Is it possible to remove all of his posts?


----------



## oklahomawatrfwlr (Jan 31, 2005)

No kidding what a freakshow


----------



## Gohon (Feb 14, 2005)

*DON'T* post in any of the threads he started. It will set of a series of automatic replies. Someone needs to delete them all.


----------



## tail chaser (Sep 24, 2004)

I think he is a peta freak, after getting a pm from him, he is not as young as he appears he is just trying to be a pain. Ban this freak!
TC


----------



## mallardhunter (May 15, 2004)

Yea, a mod. or Chris would have to do it.


----------



## Leo Porcello (Jul 10, 2003)

As dumb as he is I am laughing so hard at some of his stuff I woke my wife up and now I am in trouble. Check his post in the Hiking Forum and in the Trade a Hunt. I must be tired.!!!


----------



## howlplay (Aug 23, 2005)

Seriously we need to contact the authorities on this guy and take him out. 61 posts in one night, he has time to waste. He should have been out scouting a lion with his sweet ninja style moves, sounds like a kid who needs another nintendo game, or maybe mom should be called.

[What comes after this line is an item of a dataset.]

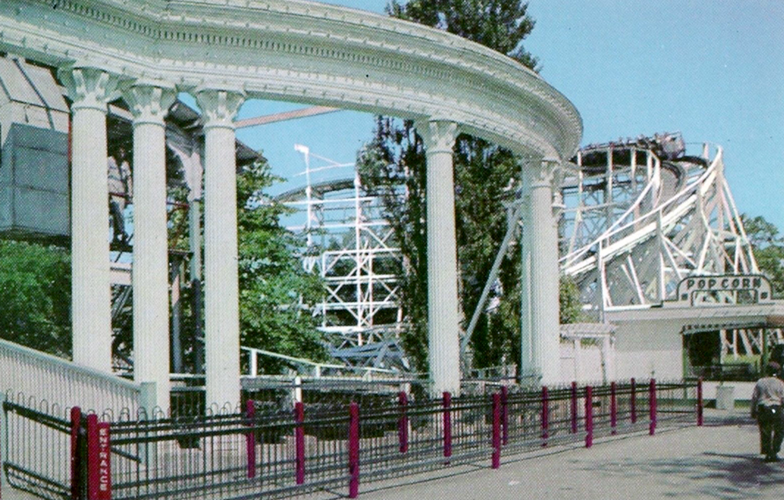 Postcard view of the Bobs roller coaster at Riverview Park, Chicago.

Chris, cant you get his IP and ban it? :lol: Although it was funny, until it got childish. So anyways, shot some doves tonite....good way to start the year. Not bad of a day, saw a good number of them. Keep it real guys 8)


----------



## Robert A. Langager (Feb 22, 2002)

I got an email and from Aythya and am taking care of it right now. I will call Chris (I am sure he is out hunting) and get him to ban the dude. Meanwhile, I will delete all of the posts. Thanks for the heads up. If this happens y'all can email/PM me and I can fix things, being that I am about 1400 milles from Nodak and don't get to have the fun that you guys do.

RC the enforcer.


----------



## huntin1 (Nov 14, 2003)

k: :rock: :rock: :jammin: :jammin:

:beer: :beer: :beer: :beer:

Oh, and THANKS!!!!

huntin1


----------



## howlplay (Aug 23, 2005)

Looks like funny guy is gone.!


----------



## nodakoutdoors.com (Feb 27, 2002)

Stuff usually goes down when I'm out. 8)

Thanks Robert.


----------